Defendant next contends that Scott is inapplicable to the facts of this case because he has not challenged the propriety of the attempt (armed *683robbery) conviction. Although it is true that both in Scott and Griffin the defendant was seeking some sort of relief with respect to the conviction that the reviewing court remanded for entry of a sentence upon, we do not believe that this court’s authority under Supreme Court Rule 366(a) (Ill. Rev. Stat. 1977, ch. 110A, par. 366(a)) to remand a cause for the imposition of a sentence so as to complete the circuit court’s order and render the judgment final may be stripped of it merely by the defendant’s careful avoidance of any issue as to the incomplete conviction.

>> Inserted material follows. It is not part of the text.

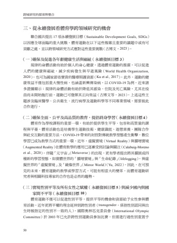 50%u8de8%u57df%u7814%u7a76%u7684%u63a2%u7d22%u8207%u6574%u5408%u4e09%u3001%u5f9e%u6c38%u7e8c%u767c%u5c55%u770b%u9ad4%u80b2%u5b78%u8de8%u9818%u57df%u7814%u7a76%u7684%u6a5f%u6703%u806f%u5408%u570b%u5171%u63d0%u51fa 17 %u9805%u6c38%u7e8c%u767c%u5c55%u76ee%u6a19%uff08Sustainable Development Goals, SDGs%uff09%u4ee5%u56e0%u61c9%u5168%u7403%u9762%u81e8%u7684%u91cd%u5927%u6311%u6230%u3002%u9ad4%u80b2%u904b%u52d5%u5728%u4ee5%u4e0b%u9019%u4e9b%u8907%u96dc%u4e14%u91cd%u8981%u7684%u8b70%u984c%u4e2d%u6216%u6709%u53ef%u8ca2%u737b%u4e4b%u8655%uff0c%u4e26%u4ee5%u8de8%u9818%u57df%u7814%u7a76%u65b9%u5f0f%u61c9%u5c0d%u9019%u4e9b%u91cd%u8981%u6311%u6230%uff08%u53e4%u535a%u6587%uff0c2023%uff09%u3002%uff08%u4e00%uff09%u78ba%u4fdd%u53ca%u4fc3%u9032%u5404%u5e74%u9f61%u5065%u5eb7%u751f%u6d3b%u8207%u798f%u7949%uff08%u6c38%u7e8c%u767c%u5c55%u76ee%u6a19 3%uff09%u898f%u5f8b%u7684%u8eab%u9ad4%u6d3b%u52d5%u6709%u52a9%u65bc%u500b%u4eba%u7684%u8eab%u5fc3%u5065%u5eb7%u3002%u900f%u904e%u9ad4%u80b2%u904b%u52d5%u7684%u63a8%u5ee3%uff0c%u53ef%u4ee5%u4fc3%u9032%u4eba%u5011%u7684%u5065%u5eb7%u8207%u798f%u7949%uff0c%u6e1b%u5c11%u75be%u75c5%u767c%u751f%u8207%u65e9%u901d%u98a8%u96aa%uff08World Health Organization, 2020%uff09%uff0c%u4e5f%u53ef%u70ba%u570b%u5bb6%u7bc0%u7701%u5bf6%u8cb4%u7684%u91ab%u7642%u7167%u8b77%u8cc7%u6e90%uff08Ku et al., 2017%uff09%u3002%u6b64%u5916%uff0c%u904b%u52d5%u7684%u5065%u5eb7%u6548%u76ca%u4e0d%u50c5%u5305%u62ec%u91cd%u5927%u6162%u6027%u75c5%uff0c%u4e5f%u6db5%u84cb%u65b0%u8208%u50b3%u67d3%u75c5%u3002%u4ee5 COVID-19 %u70ba%u4f8b%uff0c%u8fd1%u4f86%u8af8%u591a%u8b49%u64da%u986f%u793a%uff1a%u898f%u5f8b%u7684%u8eab%u9ad4%u6d3b%u52d5%u6709%u52a9%u65bc%u964d%u4f4e%u5176%u611f%u67d3%u3001%u4f4f%u9662%u53ca%u6b7b%u4ea1%u98a8%u96aa%uff0c%u5c24%u5176%u5728%u75ab%u82d7%u5c1a%u672a%u958b%u59cb%u65bd%u6253%u524d%uff0c%u904b%u52d5%u5df2%u53ef%u767c%u63ee%u5176%u6b63%u5411%u6548%u76ca%uff08%u53e4%u535a%u6587%u7b49%uff0c2023%uff09%u3002%u4e0a%u8ff0%u9019%u4e9b%u4e3b%u984c%u6d89%u53ca%u81e8%u5e8a%u91ab%u5b78%u3001%u516c%u5171%u885b%u751f%u3001%u6d41%u884c%u75c5%u5b78%u53ca%u904b%u52d5%u79d1%u5b78%u7b49%u4e0d%u540c%u5c08%u696d%u9818%u57df%uff0c%u9700%u8981%u5f7c%u6b64%u5408%u4f5c%u9032%u884c%u3002%uff08%u4e8c%uff09%u78ba%u4fdd%u5168%u9762%u3001%u516c%u5e73%u53ca%u9ad8%u54c1%u8cea%u7684%u6559%u80b2%uff0c%u63d0%u5021%u7d42%u8eab%u5b78%u7fd2%uff08%u6c38%u7e8c%u767c%u5c55%u76ee%u6a19 4%uff09%u9ad4%u80b2%u4f5c%u70ba%u5b78%u6821%u8ab2%u7a0b%u7684%u91cd%u8981%u4e00%u74b0%uff0c%u6709%u52a9%u65bc%u63d0%u4f9b%u5b78%u751f%u5e73%u7b49%u3001%u5305%u5bb9%u548c%u9ad8%u8cea%u91cf%u7684%u8ab2%u7a0b%u8207%u5e73%u81fa%u3002%u9ad4%u80b2%u6d3b%u52d5%u4e5f%u662f%u57f9%u990a%u5b78%u751f%u904b%u52d5%u6280%u8853%u3001%u5065%u5eb7%u8b58%u80fd%u3001%u904a%u61a9%u7d20%u990a%u3001%u5718%u968a%u5408%u4f5c%u8207%u793e%u4ea4%u4e92%u52d5%u7684%u91cd%u8981%u65b9%u6cd5%u3002COVID-19 %u5e36%u4f86%u7684%u5c01%u63a7%u5c0d%u50b3%u7d71%u6559%u5b78%u578b%u614b%u7522%u751f%u885d%u64ca%uff0c%u6578%u4f4d%u5b78%u7fd2%u5df2%u6210%u70ba%u6559%u5b78%u65b9%u5f0f%u7684%u91cd%u8981%u4e00%u74b0%u3002%u8fd1%u5e74%uff0c%u865b%u64ec%u5be6%u5883%uff08Virtual Reality%uff09%u8207%u64f4%u589e%u5be6%u5883%uff08Augmented Reality%uff09%u5728%u9ad4%u80b2%u6559%u5b78%u7684%u61c9%u7528%u5df2%u9010%u6f38%u53d7%u5230%u8a0e%u8ad6%u8207%u95dc%u6ce8%uff08Calabuig-Moreno et al., 2020%uff09%u3002%u4f34%u96a8%u300c%u5143%u5b87%u5b99%u300d%uff08Metaverse%uff09%u7684%u51fa%u73fe%uff0c%u66f4%u6709%u5b78%u8005%u63d0%u51fa%u5c07%u5176%u64f4%u5c55%u6210%u56db%u7a2e%u65b0%u7684%u5b78%u7fd2%u578b%u614b%uff0c%u5982%u5be6%u9ad4%u4e16%u754c%u7684%u300c%u64f4%u589e%u5be6%u5883%u300d%u8207%u300c%u751f%u547d%u7d00%u9304%u300d%uff08lifelogging%uff09%uff0c%u8207%u865b%u64ec%u4e16%u754c%u7684%u300c%u865b%u64ec%u5be6%u5883%u300d%u53ca%u300c%u93e1%u50cf%u4e16%u754c%u300d%uff08Mirror World%uff09%uff08Yu, 2022%uff09%u3002%u56e0%u6b64%uff0c%u5728%u53ef%u9810%u898b%u7684%u672a%u4f86%uff0c%u9ad4%u80b2%u904b%u52d5%u7684%u6559%u5b78%u6216%u5b78%u7fd2%u65b9%u5f0f%uff0c%u53ef%u80fd%u6709%u76f8%u7576%u5927%u7684%u8b8a%u9769%uff0c%u800c%u9ad4%u80b2%u904b%u52d5%u7814%u7a76%u8005%u8207%u76f8%u95dc%u79d1%u6280%u5c08%u5bb6%u7684%u5408%u4f5c%u4e5f%u662f%u5fc5%u7136%u7684%u8da8%u52e2%u3002%uff08%u4e09%uff09%u5be6%u73fe%u6027%u5225%u5e73%u7b49%u53ca%u6240%u6709%u5973%u6027%u4e4b%u8ce6%u6b0a%uff08%u6c38%u7e8c%u767c%u5c55%u76ee%u6a19 5%uff09%u8207%u6e1b%u5c11%u570b%u5167%u8207%u570b%u5bb6%u9593%u4e0d%u5e73%u7b49%uff08%u6c38%u7e8c%u767c%u5c55%u76ee%u6a19 10%uff09%u9ad4%u80b2%u904b%u52d5%u4e0d%u50c5%u53ef%u4ee5%u4fc3%u9032%u6027%u5225%u5e73%u7b49%uff0c%u63d0%u4f9b%u5e73%u7b49%u7684%u6a5f%u6703%u548c%u8cc7%u6e90%u7d66%u4e88%u5973%u6027%u53c3%u8207%u9ad4%u80b2%u6d3b%u52d5%u3002%u8fd1%u5e74%u66f4%u5c07%u5e73%u6b0a%u7684%u7406%u5ff5%u5ef6%u4f38%u5230%u8de8%u6027%u5225%u8005%uff08transgender%uff0c%u4fc2%u6307%u6027%u5225%u8a8d%u540c%u8207%u51fa%u751f%u6642%u88ab%u6307%u5b9a%u7684%u6027%u5225%u4e0d%u4e00%u81f4%u7684%u4eba%uff09%u3002%u570b%u969b%u5967%u6797%u5339%u514b%u59d4%u54e1%u6703%uff08International Olympic Committee%uff09%u65bc 2003 %u5e74%u5df2%u5141%u8a31%u8de8%u6027%u5225%u904b%u52d5%u54e1%u53c3%u52a0%u6bd4%u8cfd%uff0c%u4f46%u9700%u9032%u884c%u904e%u6027%u5225%u91cd%u7f6e%u624b

The existence of an appeal rather than the issues raised by the appellant is the paramount element in triggering our power to remand the cause for completion of the trial court’s order. (People v. Dean, 61 Ill. App. 3d 612, 378 N.E.2d 248; see also People v. Lilly, 56 Ill. 2d 493, 496, 309 N.E.2d 1, 2, where the supreme court held it had authority to vacate an incomplete judgment on an indecent liberties verdict by virtue of the fact that it had the cause properly before it to review defendant’s claim as to his rape conviction; see also the passage from Scott set out above.) Moreover, we note that the defendant indicated in his notice of appeal that he was appealing a judgment of guilty on one count of attempt (armed robbery) and one count of attempt (murder), thus conferring us jurisdiction as to both counts. See Supreme Court Rule 606(a), Ill. Rev. Stat. 1977, ch. 110A, par. 606(a).

Defendant next contends that Scott is inapplicable since it did not hold that a reviewing court can require a trial court which intentionally declined to impose a sentence on one of two convictions to impose a sentence when there are no other erroneous assumptions applied in the sentencing proceedings. See People v. Dean, holding that a trial court lacks authority to fail to impose any sentence on a properly entered judgment of conviction.

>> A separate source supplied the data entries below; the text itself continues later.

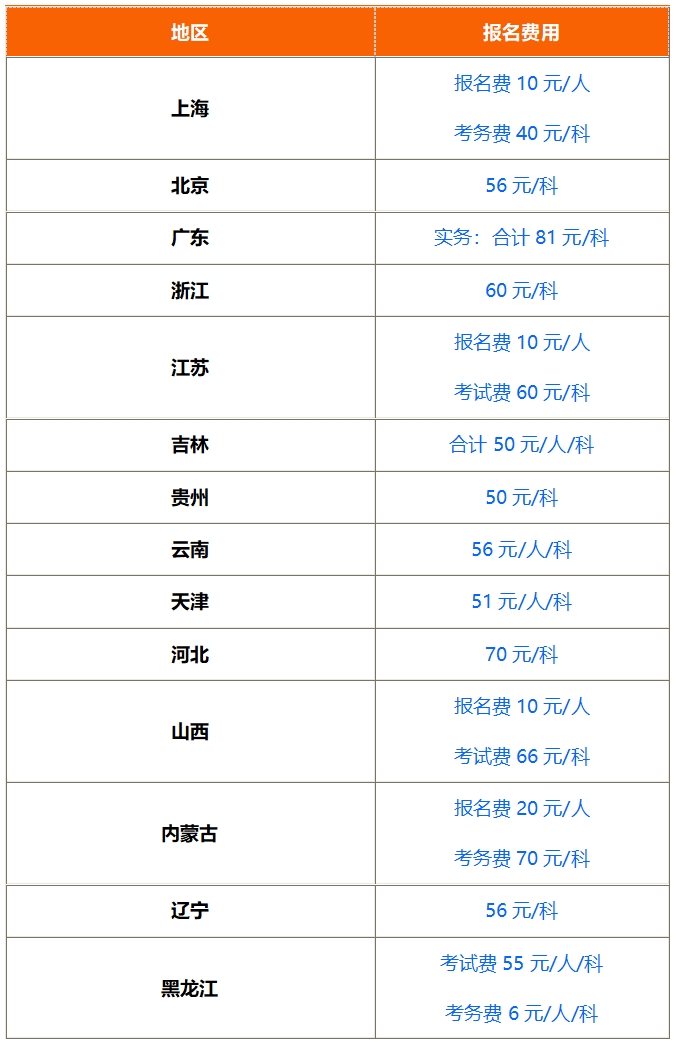 2025年中级会计师报名费用每科大概50-80元,三科总费用约150-240元(如北京60元/科,上海75元/科),各地区有区别,具体如下表所示: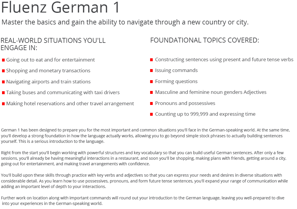 For years those truly serious about their German have been praising Fluenz as the most powerful tool to learn that language....
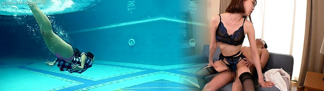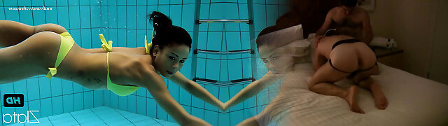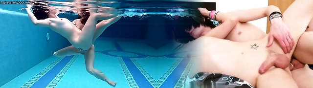 Puny lady Anina Silk publicly fucks with her swimming coach right in the pool.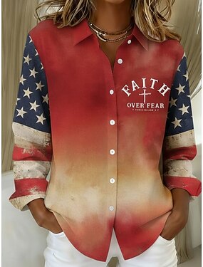 Per donna Camicia Camicia button-down Camicia casual Bottoni Stampato Bandiera Elegante Classico Casual Manica Lunga Colletto a Camicia Top Regolari Quotidiano Ferie Uscire Blu Rosso Primavera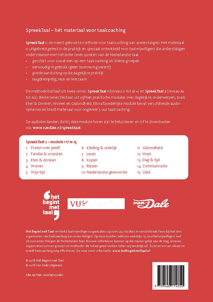 SpreekTaal is de meest gebruikte methode voor taalcoaching aan anderstaligen. Het materiaal is uitgebreid getest in de praktijk en speciaal ontwikkeld voor taalvrijwilligers die anderstaligen ondersteunen met het beter leren spreken van de Nederlandse taal.

This argument is inapplicable to the case at bar since the comments of the court clearly imply that he did not impose a sentence on the attempt (armed robbery) conviction since it was a less serious offense arising out of the same general transaction. Such sentencing assumption was incorrect. Under the rule of People v. King, 66 Ill. 2d 551, 565, 363 N.E.2d 838, 845, it is clear that concurrent sentences were proper since these offenses are clearly not lesser included offenses. Moreover, if a substantial change in the nature of defendant’s criminal objective occurred prior to his shooting Ray Vaughn, consecutive sentences were proper. Ill. Rev. Stat. 1975, ch. 38, par. 1005 — 8—4(a); People v. King.

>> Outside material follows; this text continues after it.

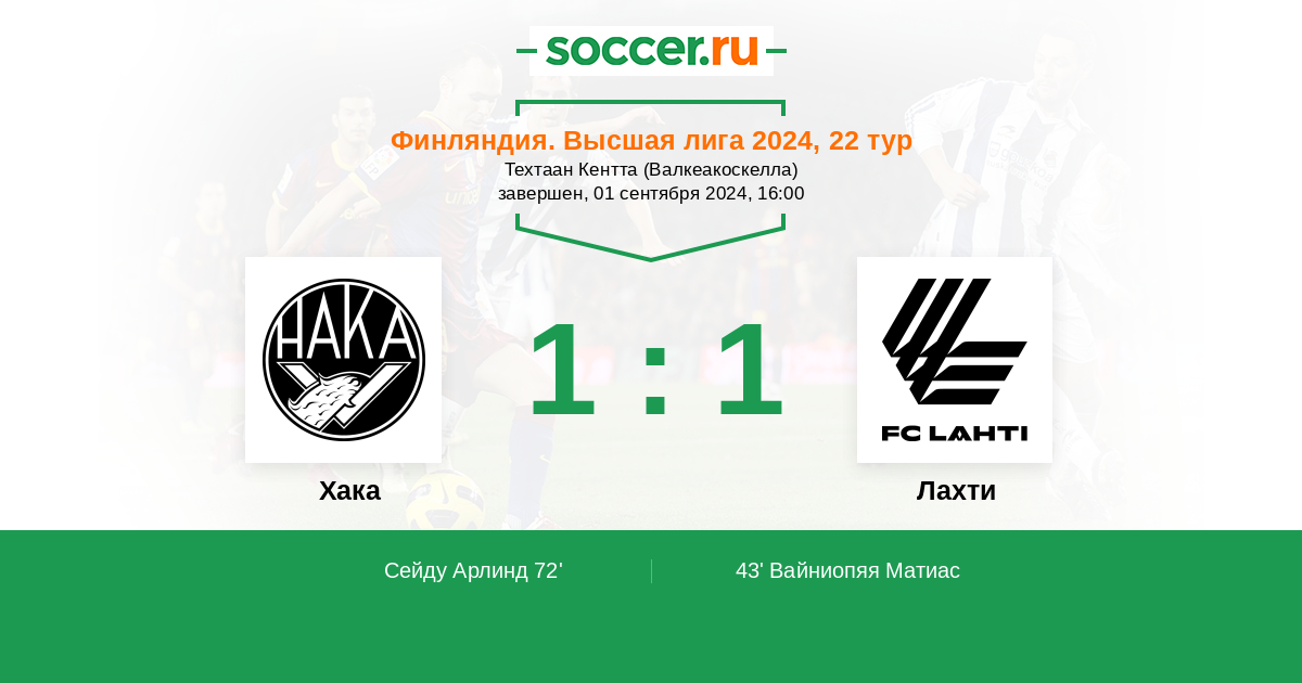 Финляндия. Высшая лига 15.06.2021 Хака Логотип футбольный клуб Хака (Валкеакоски) 1:1 Логотип футбольный клуб Лахти Лахти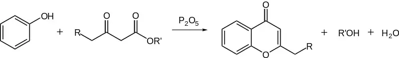 In a variation the reaction of phenols and beta-ketoesters and phosphorus pentoxide yields a chromone. This reaction is called Simonis chromone cyclization.[5][6] The ketone in the ketoester is activated by P2O5 for reaction with the phenol hydroxyl group first, the ester group in it is then activated for electrophilic attack of the arene.

Defendant finally argues that to allow the State to seek a sentencing remand is to threaten the defendant with the imposition of additional penalties for taking an appeal. The supreme court confronted this issue in Scott and found it without merit. We must do likewise.

*684For the foregoing reasons, we affirm the judgment of the circuit court of St. Clair County and remand this cause to that court for entry of a sentence on the conviction of attempt (armed robbery).

Affirmed and remanded.

G. J. MORAN and WINELAND, JJ., concur.